(Beginning of Supplied records)
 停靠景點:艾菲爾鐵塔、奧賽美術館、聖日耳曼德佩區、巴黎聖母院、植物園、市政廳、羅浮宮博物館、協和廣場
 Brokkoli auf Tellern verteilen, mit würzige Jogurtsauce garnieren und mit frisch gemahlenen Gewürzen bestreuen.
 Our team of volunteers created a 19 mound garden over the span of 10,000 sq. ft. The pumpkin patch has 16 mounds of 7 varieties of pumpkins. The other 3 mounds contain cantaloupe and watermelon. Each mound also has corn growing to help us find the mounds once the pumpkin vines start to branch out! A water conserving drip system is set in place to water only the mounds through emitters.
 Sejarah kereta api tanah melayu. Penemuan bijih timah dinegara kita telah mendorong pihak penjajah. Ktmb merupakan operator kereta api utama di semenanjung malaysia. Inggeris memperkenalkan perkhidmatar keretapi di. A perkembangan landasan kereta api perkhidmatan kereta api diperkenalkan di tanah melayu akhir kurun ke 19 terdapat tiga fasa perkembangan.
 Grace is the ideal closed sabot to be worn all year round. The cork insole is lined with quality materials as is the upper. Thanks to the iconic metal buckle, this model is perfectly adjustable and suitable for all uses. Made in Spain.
(End of Supplied records)
(Beginning of Supplied records)
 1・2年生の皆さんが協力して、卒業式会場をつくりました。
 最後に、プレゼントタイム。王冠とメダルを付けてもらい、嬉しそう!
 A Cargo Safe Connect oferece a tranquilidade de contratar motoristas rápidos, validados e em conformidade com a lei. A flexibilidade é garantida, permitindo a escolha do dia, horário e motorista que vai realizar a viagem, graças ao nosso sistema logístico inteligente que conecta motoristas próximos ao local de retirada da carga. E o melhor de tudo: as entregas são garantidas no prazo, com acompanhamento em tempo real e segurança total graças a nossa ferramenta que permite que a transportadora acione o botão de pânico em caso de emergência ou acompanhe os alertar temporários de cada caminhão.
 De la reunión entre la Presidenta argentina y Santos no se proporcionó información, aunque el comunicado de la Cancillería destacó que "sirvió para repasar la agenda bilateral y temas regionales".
(End of Supplied records)
• What you need to do
What are the lines, exactly as written above, from the line with "停靠景點:艾菲爾鐵塔、奧賽美" to the line with "Grace is the", both included? Output only those.

• Exercise response
 停靠景點:艾菲爾鐵塔、奧賽美術館、聖日耳曼德佩區、巴黎聖母院、植物園、市政廳、羅浮宮博物館、協和廣場
 Brokkoli auf Tellern verteilen, mit würzige Jogurtsauce garnieren und mit frisch gemahlenen Gewürzen bestreuen.
 Our team of volunteers created a 19 mound garden over the span of 10,000 sq. ft. The pumpkin patch has 16 mounds of 7 varieties of pumpkins. The other 3 mounds contain cantaloupe and watermelon. Each mound also has corn growing to help us find the mounds once the pumpkin vines start to branch out! A water conserving drip system is set in place to water only the mounds through emitters.
 Sejarah kereta api tanah melayu. Penemuan bijih timah dinegara kita telah mendorong pihak penjajah. Ktmb merupakan operator kereta api utama di semenanjung malaysia. Inggeris memperkenalkan perkhidmatar keretapi di. A perkembangan landasan kereta api perkhidmatan kereta api diperkenalkan di tanah melayu akhir kurun ke 19 terdapat tiga fasa perkembangan.
 Grace is the ideal closed sabot to be worn all year round. The cork insole is lined with quality materials as is the upper. Thanks to the iconic metal buckle, this model is perfectly adjustable and suitable for all uses. Made in Spain.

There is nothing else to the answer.